1.4 Use of Key Words
The key words "MUST," "MUST NOT," "REQUIRED," "SHALL," "SHALL NOT,"
"SHOULD," "SHOULD NOT," "RECOMMENDED," "MAY," and "OPTIONAL" in this
document are to be interpreted as described in RFC 2119 [RFC2119].
2. General Threats to DHCPv4
These are the classes of threats to the base DHCPv4 protocol.
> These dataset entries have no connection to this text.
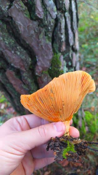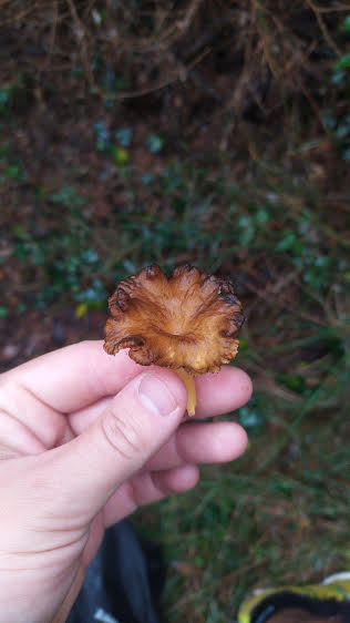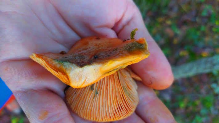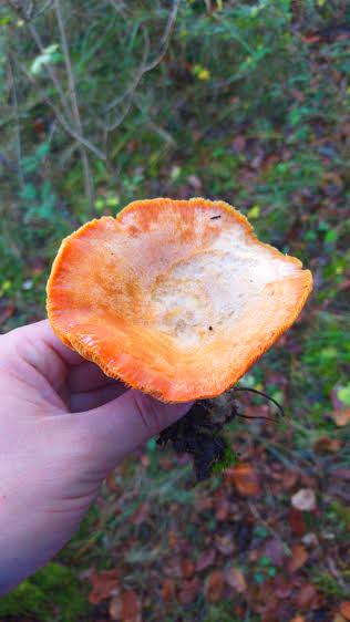 La cara inferior, que és d’un bell color taronja suau, primer llisa i després venada, sense làmines definides, s’uneix sense solució de continuïtat amb la cama, afuada i del mateix color.
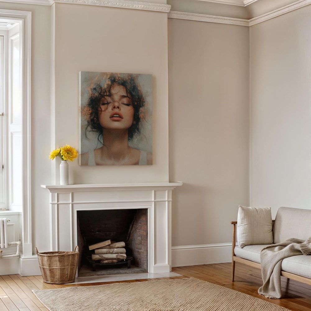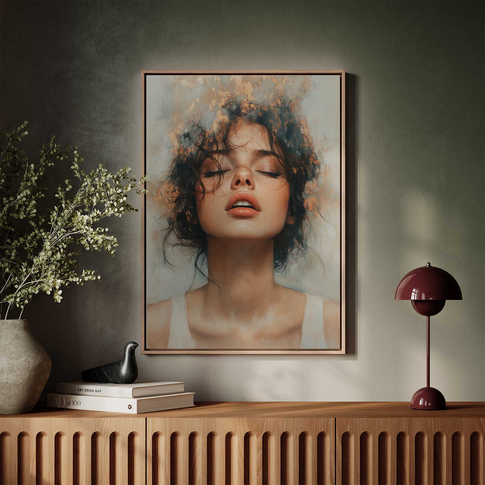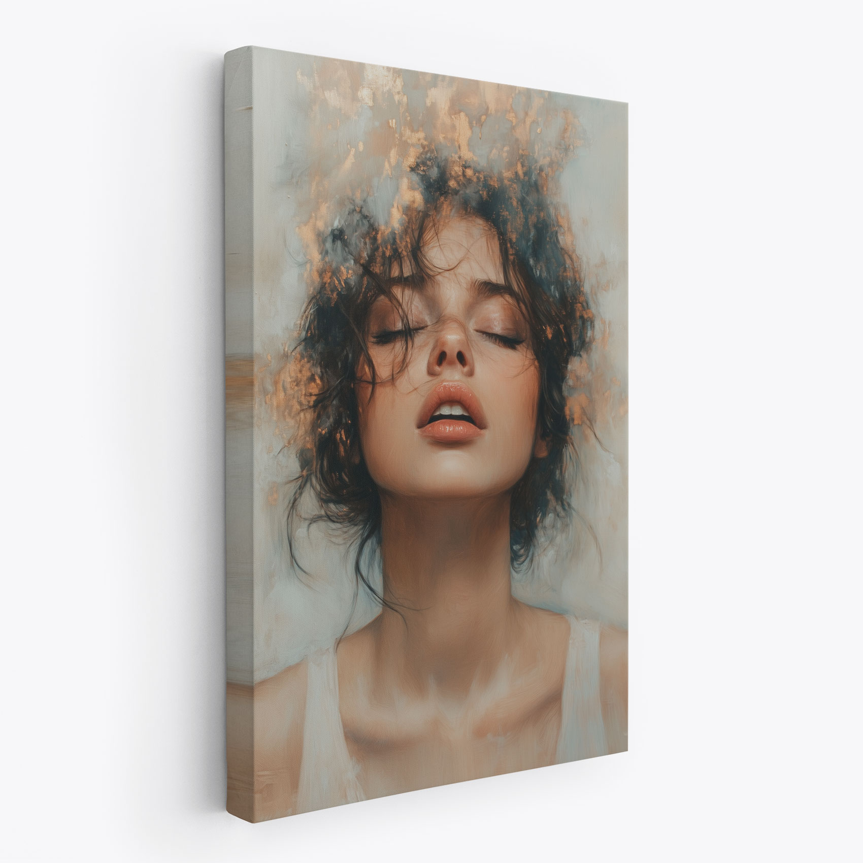 Terug naar collectie / Schilderijen / Fotografie Schilderij / Rustige vrouw met gesloten ogen
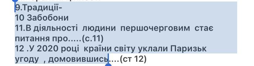 12.У 2020 році країни світу уклали Паризьк угоду , домовившись- узгоджувати заходи для зменшення викидів вуглекислого газу, щоб зупинити глобальне потепління.
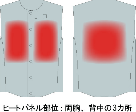ヒーターパネルを両胸、背中の3カ所に配置、体の前と後 ろから効率的に体を温めてくれます。電源を入れ約10 秒で温かさを実感ができ、胸のスイッチで電源ONとOFF、 3段階の温度調節ができるので、状況に応じてお使い頂けます。
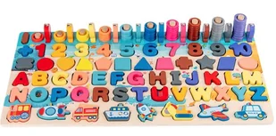 Układanka posiada 55 kolorowych pierścieni, 10 cyfr, 10 drewnianych słupków, znaki: =, +, - . Dzięki tak bogatemu zestawowi, dziecko poprzez zabawę nauczy się podstaw matematyki. Zestaw zawiera również pełny alfabet złożony z 26 drewnianych liter, który ułatwi poznawanie pierwszych słów.
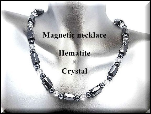 ◆魅惑的な輝きを放つ「ヘマタイト」と、全体運を上昇させる「水晶」の、お洒落な天然石磁気入りネックレスです。
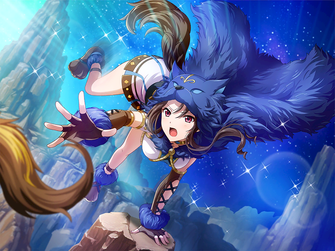 1girl akikaze_rui black_hair brown_gloves dress elbow_gloves fake_tail fingerless_gloves fur_(clothing) game_cg gloves looking_at_viewer official_art open_mouth reaching red_eyes shoujo_kageki_revue_starlight shoujo_kageki_revue_starlight_-re_live- sidelocks solo sparkle tail white_dress wolf_hood wolf_tail
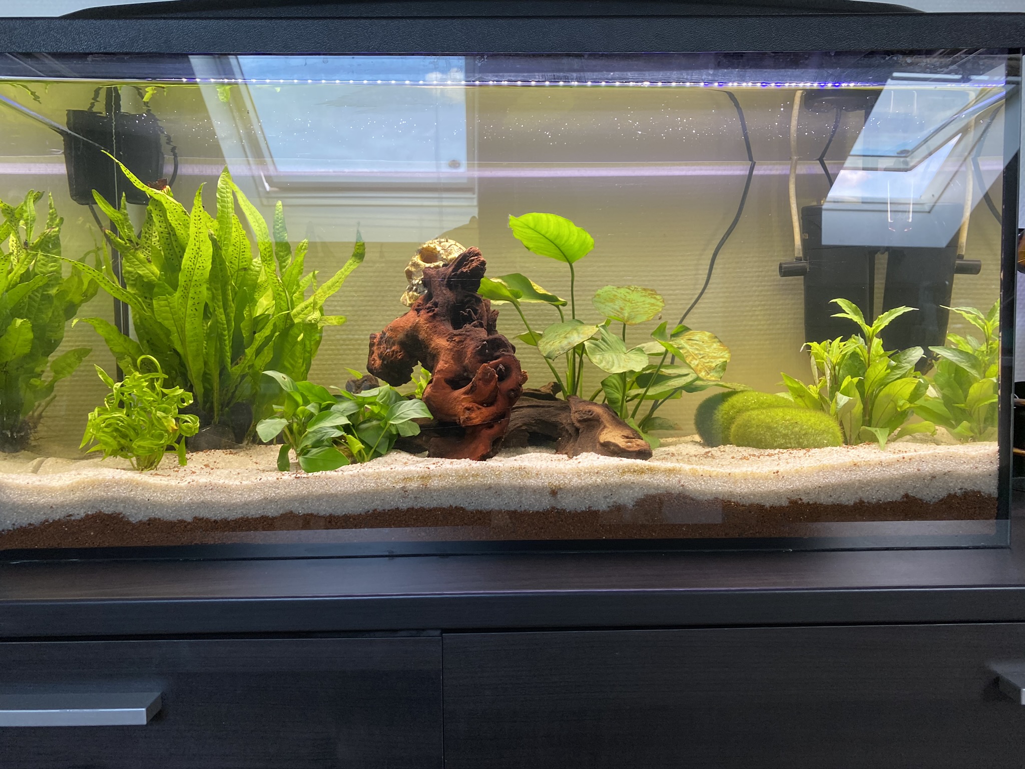 J'ai mis en eau un 100 litres (85x35x35) le 24 juin (avec de l'eau de conduite et du conditionneur d'eau).
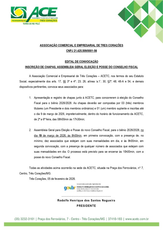 Edital de Convocação INSCRIÇÃO DE CHAPAS, ASSEMBLEIA GERAL ELEIÇÃO E POSSE DO CONSELHO FISCAL
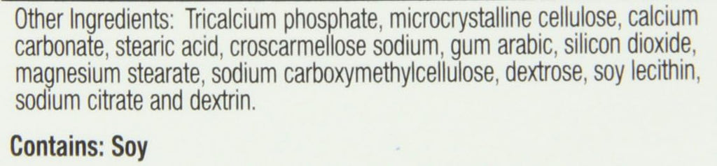 Tricalcium phosphate, microcrystalline cellulose, calcium carbonate, stearic acid, croscarmellose sodium, gum arabic, silicon dioxide, magnesium stearate, sodium carboxymethylcellulose, dextrose, soy lecithin, sodium citrate and dextrin.Contains: Soy.

Not all
of these are DHCP-specific, nor can all the concerns listed be
addressed by DHCP authentication.
2.1 Denial-of-Service Attacks
2.1.1 Refusal to Configure Clients
A rogue DHCP server can refuse to configure clients by responding
with either partial information (i.e., missing the IP address, yet
containing other information) or a non-routable (or otherwise bad) IP
address. Or, the server may respond to DHCPDISCOVER messages (with
DHCPOFFER messages) but then ignore the subsequent client DHCPREQUEST
messages. This may cause a client to repeatedly fail to be
configured, though clients could take steps to ensure that they
subsequently ignore such servers for a period of time.
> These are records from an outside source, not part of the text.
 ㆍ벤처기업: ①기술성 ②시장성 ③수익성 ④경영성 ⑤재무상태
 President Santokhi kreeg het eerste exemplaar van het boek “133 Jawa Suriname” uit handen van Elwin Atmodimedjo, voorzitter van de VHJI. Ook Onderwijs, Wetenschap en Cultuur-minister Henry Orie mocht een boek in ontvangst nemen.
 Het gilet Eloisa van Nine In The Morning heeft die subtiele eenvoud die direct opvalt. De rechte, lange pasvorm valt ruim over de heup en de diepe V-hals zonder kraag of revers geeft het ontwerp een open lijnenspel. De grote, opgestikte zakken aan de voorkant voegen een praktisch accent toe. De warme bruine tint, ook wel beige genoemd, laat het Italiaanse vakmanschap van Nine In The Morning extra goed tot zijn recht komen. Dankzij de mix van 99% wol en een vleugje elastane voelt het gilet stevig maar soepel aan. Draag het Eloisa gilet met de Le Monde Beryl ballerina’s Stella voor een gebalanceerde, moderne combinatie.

2.1.2 Impersonating Clients
A rogue client can impersonate a client or many clients, by using
another client's client identifer (client identifier option) and/or
hardware address (chaddr) or by generating these identifiers. This
may be done to:
o Obtain addresses when hardware address or client identifier
restrictions (lists) are configured into the site's server through
some mechanism not described in RFC 2131. Some sites may use such
a mechanism to restrict the clients that are allowed addresses. A
rogue client listens to DHCPv4 traffic and captures a few chaddrs
or client identifiers and starts using them.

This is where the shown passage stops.